╭─ Dataset extract
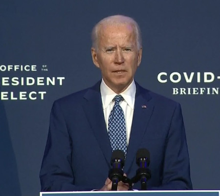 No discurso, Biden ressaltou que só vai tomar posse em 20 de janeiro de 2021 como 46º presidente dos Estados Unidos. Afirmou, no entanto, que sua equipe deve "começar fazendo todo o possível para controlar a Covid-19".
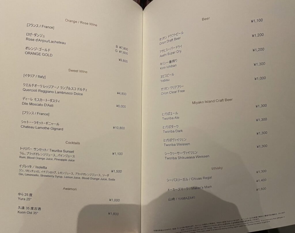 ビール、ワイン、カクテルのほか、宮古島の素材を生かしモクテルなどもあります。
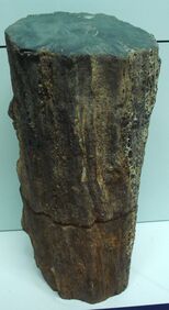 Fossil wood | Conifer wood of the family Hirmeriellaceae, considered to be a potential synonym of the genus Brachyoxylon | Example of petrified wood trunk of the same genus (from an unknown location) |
╰─
• Exercise directions: Transcribe each line above verbatim, with the pictures left out.

• Output for this exercise:
 No discurso, Biden ressaltou que só vai tomar posse em 20 de janeiro de 2021 como 46º presidente dos Estados Unidos. Afirmou, no entanto, que sua equipe deve "começar fazendo todo o possível para controlar a Covid-19".
 ビール、ワイン、カクテルのほか、宮古島の素材を生かしモクテルなどもあります。
 Fossil wood | Conifer wood of the family Hirmeriellaceae, considered to be a potential synonym of the genus Brachyoxylon | Example of petrified wood trunk of the same genus (from an unknown location) |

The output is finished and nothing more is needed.